Perayaan Imlek juga bisa jadi media pembelajaran bagi generasi muda untuk mengenal kebudayaan orang lain. Perayaan Imlek itu bisa dikembangkan, tidak hanya satu hari, tapi juga bisa berhari-hari, seperti sebuan festival.

"Selain bisa jadi objek wisata, Imlek juga bisa dikembangkan secara ekonomi bagi mereka yang berasal dari ekonomi bawah. Dengan kegiatan itu, mereka bisa mengembangkan ekonomi mereka dan mencari nafkah," imbuh Yasmine.

Imlek juga bisa jadi inspirasi bagi mereka yang bergerak di bidang kuliner, seni, maupun busana. Mereka bisa memberikan warna pada suatu lokasi, entah lokasinya lokal, seperti di kecamatan.
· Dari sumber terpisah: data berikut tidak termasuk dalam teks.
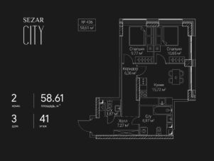 Продается 2-комнатная квартира в ЖК СЕЗАР СИТИ на 41 этаже. Общая площадь квартиры составляет 58,61 кв.м. Квартира без отделки. Срок сдачи - 2027 год.

"Kebudayaan China itu menurut saya menarik sekali. Kita ambil bagian yang tidak sakral, tapi ada di ruang publik, seperti barongsai," imbuh Yasmine.

3 dari 4 halaman

Toleransi

Profesor Yasmine berkata, dengan mengenal kebudayaan orang lain, maka dapat memupuk rasa toleransi. Dengan adanya seni, maka akan menimbulkan rasa simpati, senang, menghargai kelompok lain.

Yasmine membuka memori saat ia masih anak-anak saat tinggal di Kota, Jakarta. Saat mendengar suara barongsai, ia lari keluar rumah meninggalkan meja makan. Ia lalu mengikuti iringan-iringan barongsai tersebut.

Yasmine mengenang ibunya membuat kue lapis untuk diantarkan kepada tetangganya yang keturunan China. Saat pulang ia diberi permen, kue china, mi, bahkan diberi angpau.

Sebagai balasan memberikan kue lapis, tatkala Lebaran, tetangga- tetangganya mengantar makan-makanan ke tempatnya. Sebagai balasannya, ia memberikan ketupat, termasuk juga sayurnya.

"Namun, tradisi seperti itu tampaknya sekarang sudah hilang. Penyebabnya karena hubungan dengan tetangga sudah tidak akrab. Sebenarnya, kalau itu dipelihara, maka bisa jadi media pengembangan toleransi," imbuh Yasmine.